Oscar Nominee Julianne Moore is a Gun-control Pro-abortion Atheist

By Eowyn @DrEowyn

Julianne Moore

Here’s another Hollyweirdo to shun.

I’ve avoided anything with Julianne Moore in it ever since I made the mistake of watching The Hours, the repellent critically-acclaimed 2002 movie about three self-indulgent, utterly-selfish feminists women which garnered 9 Oscar nominations. Now I have 3 additional reasons to shun Moore.

I read this very long, butt-kissing puff piece by Stephen Galloway for The Hollywood Reporter so that you don’t have to read it. Here are the relevant excerpts, beginning with the sickening flattery:

Choosing to live in New York, she [Julianne Moore] has built an enviable private life, with a 19-year (and counting) relationship and two kids. On the career front, she has defied one of the truisms of Hollywood — that an actress is finished at 40 — and has done much of her best work since then: 2002’s Far From Heaven and The Hours and 2006’s Children of Men…. Moore also has established herself as a beauty and fashion icon, signing seven-figure deals with such brands as L’Oreal and Bulgari.

And so, at age 54, she finds herself very comfortable in the spotlight. She already has racked up Golden Globe and SAG Awards for her performance in Still Alice as a college professor suffering from early-onset dementia, and many Academy Awards prognosticators pick her as the favorite for best actress, which would be her first win in five career nominations….

“The idea that you’re the center of your own narrative and that you can create your life is a great idea,” she says…. “I totally believe it. I’ve been really lucky, but I feel I’ve completely created my own life.”

…She’s a writer, too: In 2007, she published the best-selling children’s book Freckleface Strawberry, and she now has a five-book contract with Random House (all works for children), with the first, Backpacks, due out in July.

…She says she makes friends readily. “I fell in love with Ellen Page,” she notes of her co-star in the upcoming Freeheld. “She’s a new friend. Ellen Barkin is an old friend. Anybody named Ellen.”

Despite her ease, she doesn’t want for strong opinions and has drawn angry responses to her tweets in favor of Planned Parenthood and gun control. “I get more reactions on Twitter about gun safety than anything else,” she says. “I don’t understand how we’re threatening the Second Amendment because we’re talking about gun safety rules. That, to me, is really shocking.”

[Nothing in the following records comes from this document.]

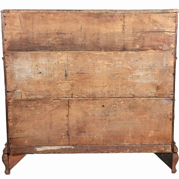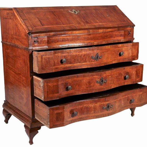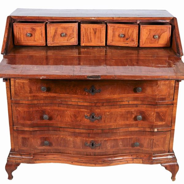 Antica ribalta ferrarese Luigi XV in noce e radica di noce, con intarsi a riquadri geometrici, calatoia formante scrittoio con cinque piccoli [..]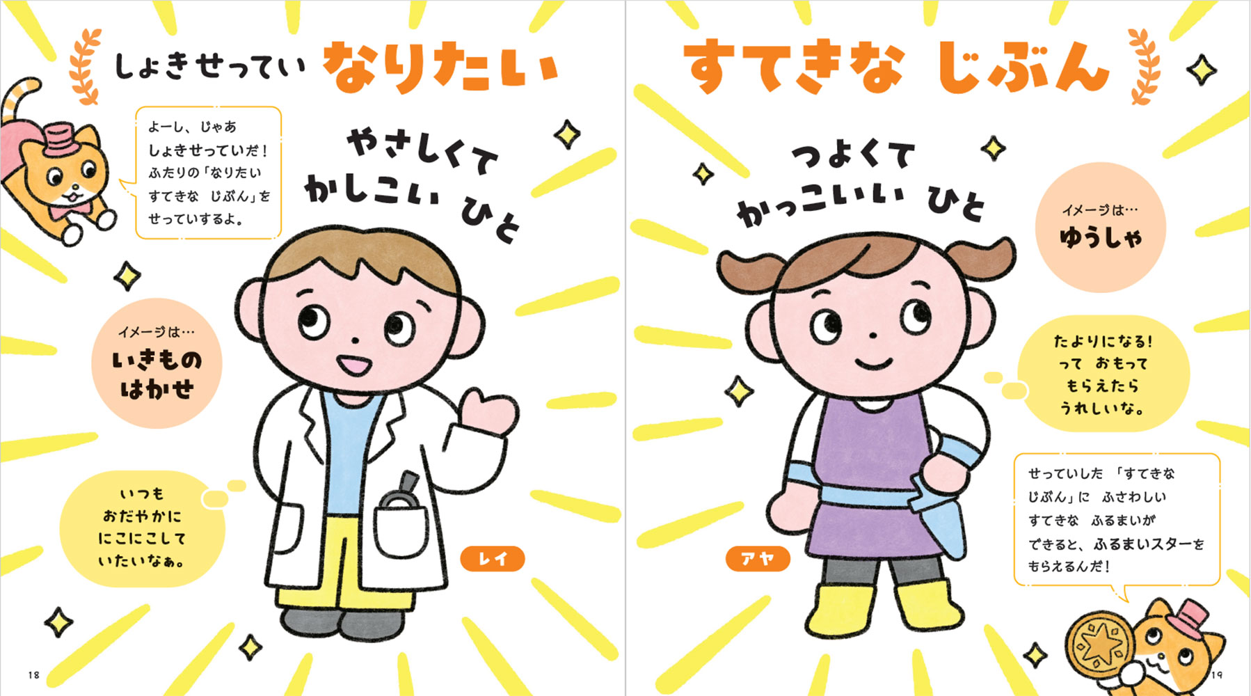 この本は、これから社会にとび出していくお子さんに向けた、「すてきなじぶん」を手に入れて「すてきなふるまい」ができるようになるための絵本です。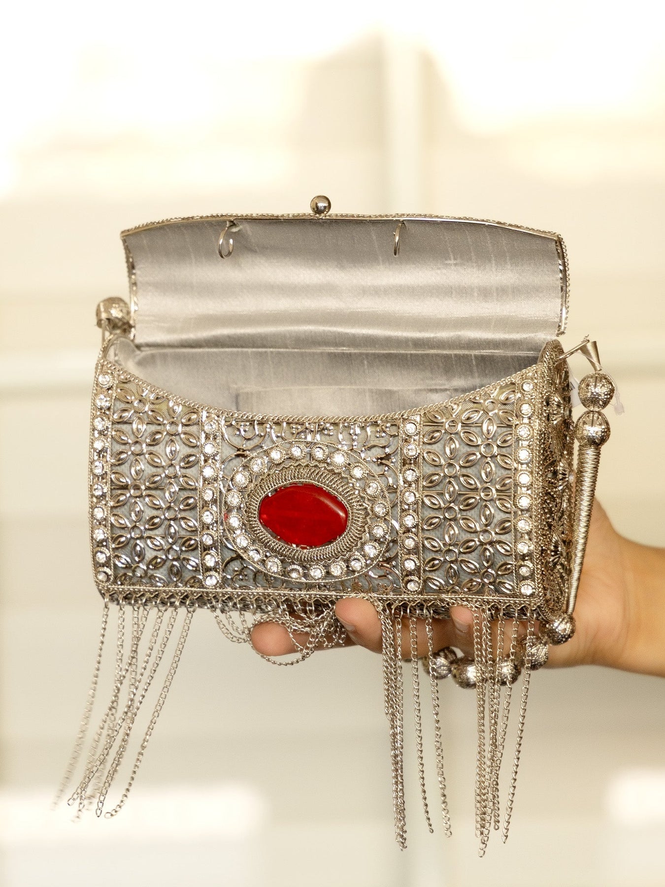 This Elegant Silver Evening Clutch Is The Perfect Accessory For Any Special Occasion. Crafted With Silver-plated Brass Metal And Adorned With High-quality Semi-precious Stones, It Exudes Luxury And Sophistication. Add A Touch Of Glamour To Your Outfit With This Stunning Evening Clutch.

…Turbulence is not unknown to her; she acknowledges that a peripatetic childhood left its share of instability, and she returns over and over to the theme of impermanence. She says she doesn’t believe in God and has a strong sense that meaning is imposed on a chaotic world.

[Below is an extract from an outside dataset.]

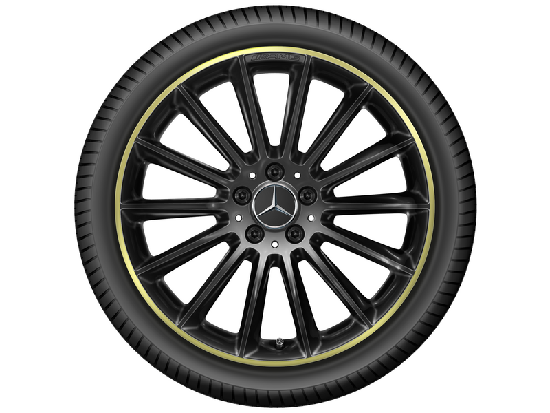 AMG-multispaaksvelg, 48,3 cm (19 inch), velgrand geel gelakt, CLA/B-Klasse/A-Klasse, 225/40 R19/, zwart, A17740116009Y70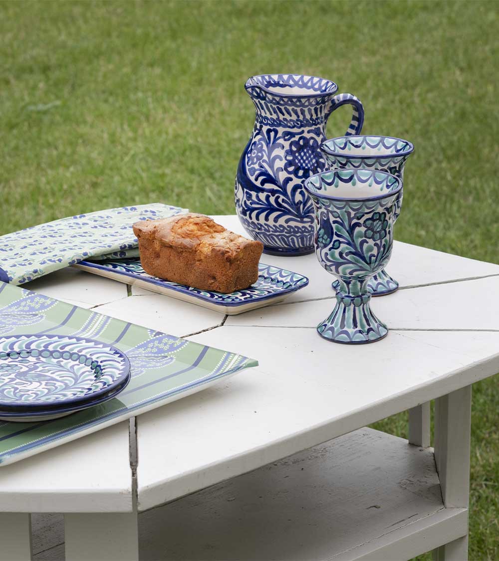 This long dish, available in three colours, black & white, blue & white and red & white with a bird motif nestled in a plant interlacing can be used to present all kinds of dishes, cakes, or terrines.

“I learned when my mother died five years ago that there is no ‘there’ there,” she reflects. “Structure, it’s all imposed. We impose order and narrative on everything in order to understand it. Otherwise, there’s nothing but chaos.

More blah, blah, blah here.

Just remember if you fork over your hard-earned money to watch any movie or TV with Julianne Moore in it, or buy L’Oreal cosmetics or Bulgari watches, you are enabling her to use the media to spread her pro-abortion, gun control and atheist propaganda.